=== SOURCE MATERIAL ===

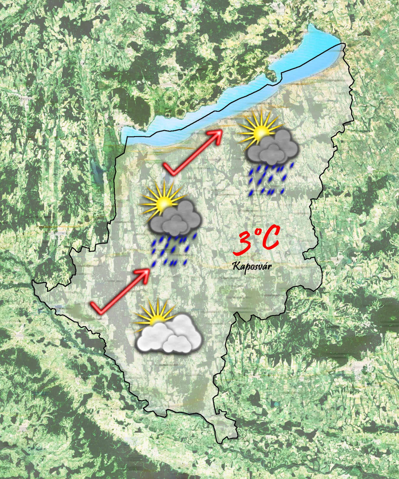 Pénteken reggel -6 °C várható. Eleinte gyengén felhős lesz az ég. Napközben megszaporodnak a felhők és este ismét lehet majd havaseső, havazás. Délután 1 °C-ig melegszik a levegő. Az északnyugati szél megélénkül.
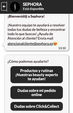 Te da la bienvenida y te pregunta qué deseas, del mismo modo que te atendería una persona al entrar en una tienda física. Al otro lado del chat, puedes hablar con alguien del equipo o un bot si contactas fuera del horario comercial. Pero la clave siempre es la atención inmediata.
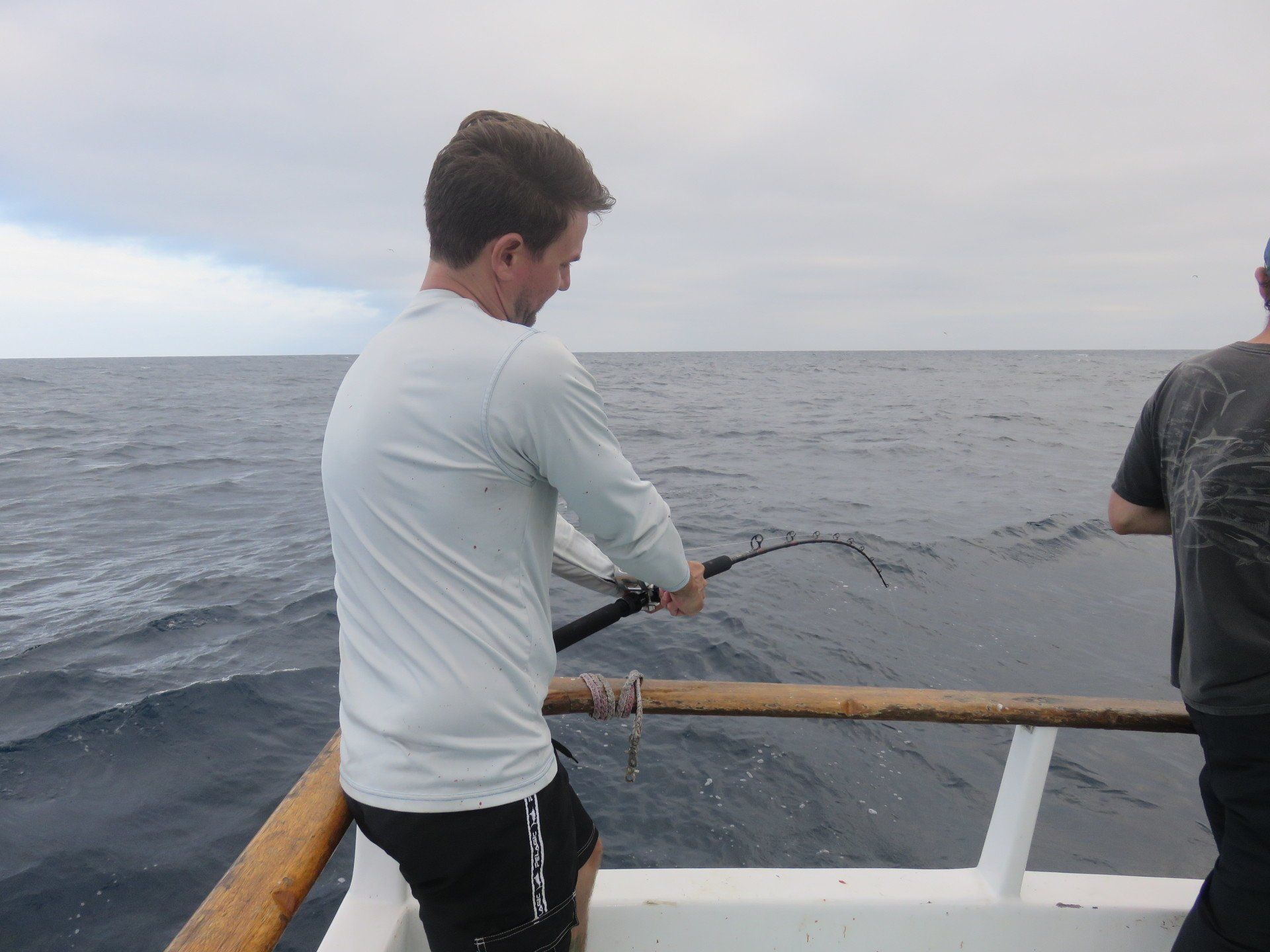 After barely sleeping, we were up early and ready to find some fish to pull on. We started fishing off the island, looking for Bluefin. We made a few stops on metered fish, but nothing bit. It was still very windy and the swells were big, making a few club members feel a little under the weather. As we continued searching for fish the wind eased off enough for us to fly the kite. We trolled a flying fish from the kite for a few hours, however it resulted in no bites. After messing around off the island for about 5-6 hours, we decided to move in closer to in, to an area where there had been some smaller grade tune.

===

## [REQUIREMENT]
Say again, word for word, every line from the one with "Te da la bienvenida" through the last line of the data above, minus the pictures.

## [THE ANSWER]
 Te da la bienvenida y te pregunta qué deseas, del mismo modo que te atendería una persona al entrar en una tienda física. Al otro lado del chat, puedes hablar con alguien del equipo o un bot si contactas fuera del horario comercial. Pero la clave siempre es la atención inmediata.
 After barely sleeping, we were up early and ready to find some fish to pull on. We started fishing off the island, looking for Bluefin. We made a few stops on metered fish, but nothing bit. It was still very windy and the swells were big, making a few club members feel a little under the weather. As we continued searching for fish the wind eased off enough for us to fly the kite. We trolled a flying fish from the kite for a few hours, however it resulted in no bites. After messing around off the island for about 5-6 hours, we decided to move in closer to in, to an area where there had been some smaller grade tune.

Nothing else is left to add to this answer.